Зимой — за отсутствием грибов — на даче делать было совершенно нечего — разве что наряжать елку да играть в снежки. И Царевы, поняв, что до ближайшей елки надо топать по целине почти полкилометра, стали играть в снежки. Сперва разбились на команды, но, войдя во вкус, стали воевать каждый за себя, причем Лидочка, наряженная по дачному поводу в старую Ромкину кацавейку с разноплеменными пуговицами и напрочь оторванным карманом, кричала и прыгала громче всех. Тренированное легкое тело впервые в жизни доставляло ей не боль, а радость, и, влепив в неприятеля очередной сверкающий меткий снежок, она успевала не только увернуться от встречного снаряда, но и издать ликующий индейский вопль, которому ее обучила Вероничка. Перед лицом такой опасности Царевы сперва дрогнули, а потом коварно объединились и громкой семейной когортой загнали визжащую и отбивающуюся Лидочку в громадный сугроб. Ах так, возмутилась она, задыхаясь от смеха и пытаясь выбраться, ах так — все на одного! Ну я вам сейчас покажу! И, быстро слепив здоровенный снежный ком, она со всего размаху запустила его в исполняющего победный танец старшего Царева.

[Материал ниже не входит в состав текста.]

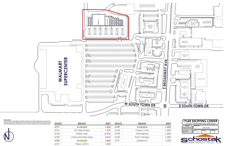 Tyler Shopping Center 6801 S Broadway Ave Espace disponible | 149–771 m² | Local commercial | Tyler, TX 75703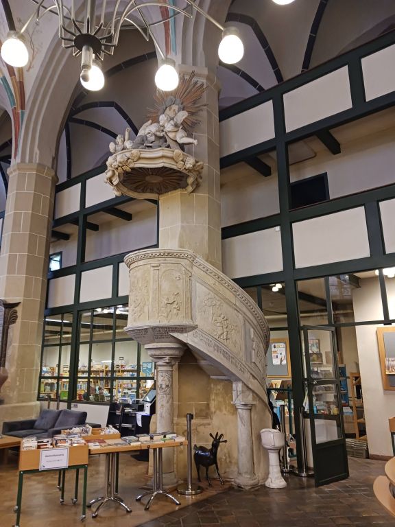 Największe moje zaskoczenie, zdumienie i zachwyt wzbudziło zagospodarowanie starego, gotyckiego kościoła właśnie w Jüterbog. Obecnie jest tam biblioteka, księgarnia, miejskie archiwum, sala koncertowa i właśnie punkt informacji miejskiej i turystycznej. Dodam, że miasto to ma kilkadziesiąt wysokiej klasy zabytków – jak bramy miejskie, jak baszty obronne, jak przepiękne i zachowany ratusz miejski, jak szachulcowa zabudowa…. No wymieniać można w nieskończoność. I absolutnie nie leży na szlakach turystycznych, trzeba tam jechać specjalnie. A jak już ktoś trafi, to zachwyt rośnie i rośnie.

Такой Лужбин и увидел ее в первый раз — стоящую на коленях в сугробе тоненькую, почти не существующую девочку в мальчишеском куцом пальтишке, растрепанную, хохочущую, с мокрым от снега сияющим лицом. Она набрала полные варежки снега и вдруг вскинула глаза — невероятные, темно-темно золотые, насквозь солнечные, с живыми кофейными искрами на самом дне радостного, полудетского взгляда, и Лужбин вдруг почувствовал, как со всего размаху налетел лицом на невидимую, но несокрушимую стену, и в обступившем его немом, неподвижном кадре девочка размахнулась, и снежок, все еще хранивший форму ее маленьких ладоней, полетел вперед, и пока он летел, бесконечно долго летел к земле, сияющий, круглый, Лужбин разом понял, как будет счастлив с этой девочкой, непоправимо, неслыханно, небывало, и ощутил вкус ее губ, и тяжесть ее беременного живота, он прожил с ней целую жизнь, долгую, радостную, как первые в жизни летние каникулы, и умер ровно через неделю после ее смерти, потому что она не должна была огорчаться, не должна была оставаться одна, и когда снежок наконец влепился в плечо помирающего со смеху старшего Царева, все было кончено и решено.

И Ромка радостно заорал — здрасьте-здрасьте, дядя Ваня!

 

Иван Лужбин был местный, энский, шестьдесят первого года рождения. Он уродился в простой советской семье, славной своей порядочностью и борщами, на твердые четверки закончил ничем не примечательную окраинную школу, спокойно сходил в армию и без малейших видимых усилий поступил в энский политех, который и закончил — без показного блеска, но зато с пятью патентами на весьма полезные для родины штуковины, так что после защиты дипломного проекта за него чуть не передрались две кафедры и половина энских КБ.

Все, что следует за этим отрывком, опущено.